Use API keys to segment:
# Production
export KEYSTONE_API_KEY=ks_live_prod_xxx
# Staging
export KEYSTONE_API_KEY=ks_live_staging_xxx
# Canary
export KEYSTONE_API_KEY=ks_live_canary_xxxThe dashboard's API-key filter lets you compare traces across all three.
Dashboard filters
In the Traces tab, common filters:
- API key — segment by environment / customer.
- Time range — last hour / last 24h / custom.
- Model — pick from
cost.model. - Tool — only traces that called a specific tool.
- Status — only errored traces (find production failures).
- Cost > X — only expensive traces (find cost runaways).
- Duration > X — only slow traces (find latency outliers).
Tying agent-mode traces back to evals
The natural workflow:
- In prod (agent mode). A user reports a bug. Find the trace in the Traces tab.
- Save the input. Copy the prompt, the tool definitions, and the expected output.
- Add to a regression dataset.
ks.datasets.add_records(...)— see Datasets. - Run as eval (sandbox mode). Build a spec that drives the dataset and asserts the right behavior. Now this prod bug has a permanent test case.
Every prod bug becomes a regression test. The two-mode design is what makes that easy.
What it doesn't do
- Doesn't enforce invariants. Agent mode is observability-only. Use sandbox mode + invariants for "did this go right" checks.
- Doesn't snapshot state. No filesystem snapshot, no audit log. Agent mode just collects LLM call + custom span events.
- Doesn't gate deploys. It's not a CI tool — you'd need experiment runs (sandbox mode) for that.
- Doesn't rate-limit your traffic. The SDK posts events fire-and-forget; if Keystone is down, your agent keeps running.

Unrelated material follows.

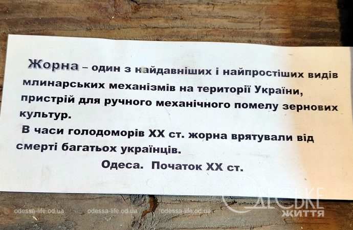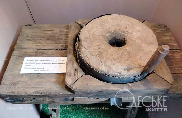 Еще до того, как мы заглянем в сам Музей, нас встретят жернова ― настоящие (в Музее, кстати, все «живое»). Они сделаны в начале ХХ столетия. Были в свое время найдены на Пересыпи.

Privacy and data residency
In agent mode, the SDK sends:
- LLM request body (truncated to ~4KB)
- LLM response body (truncated to ~4KB)
- Token counts and cost
- Tool names and arguments (truncated)
- Span timing and status
It does not send:
- Full unredacted prompts beyond the truncation cap
- Streaming chunks individually (only the accumulated final state)
- Anything from outside the wrapped LLM call (no env, no filesystem)
Self-hosted Keystone deployments can pin all this to your own infrastructure. For Polarity-hosted, data is encrypted in transit and at rest; retention defaults to 30 days (Free) / 6 months (Pro) / 2 years (Enterprise).
For sensitive prompts, either use self-hosted or pre-redact in your application before the SDK sees them.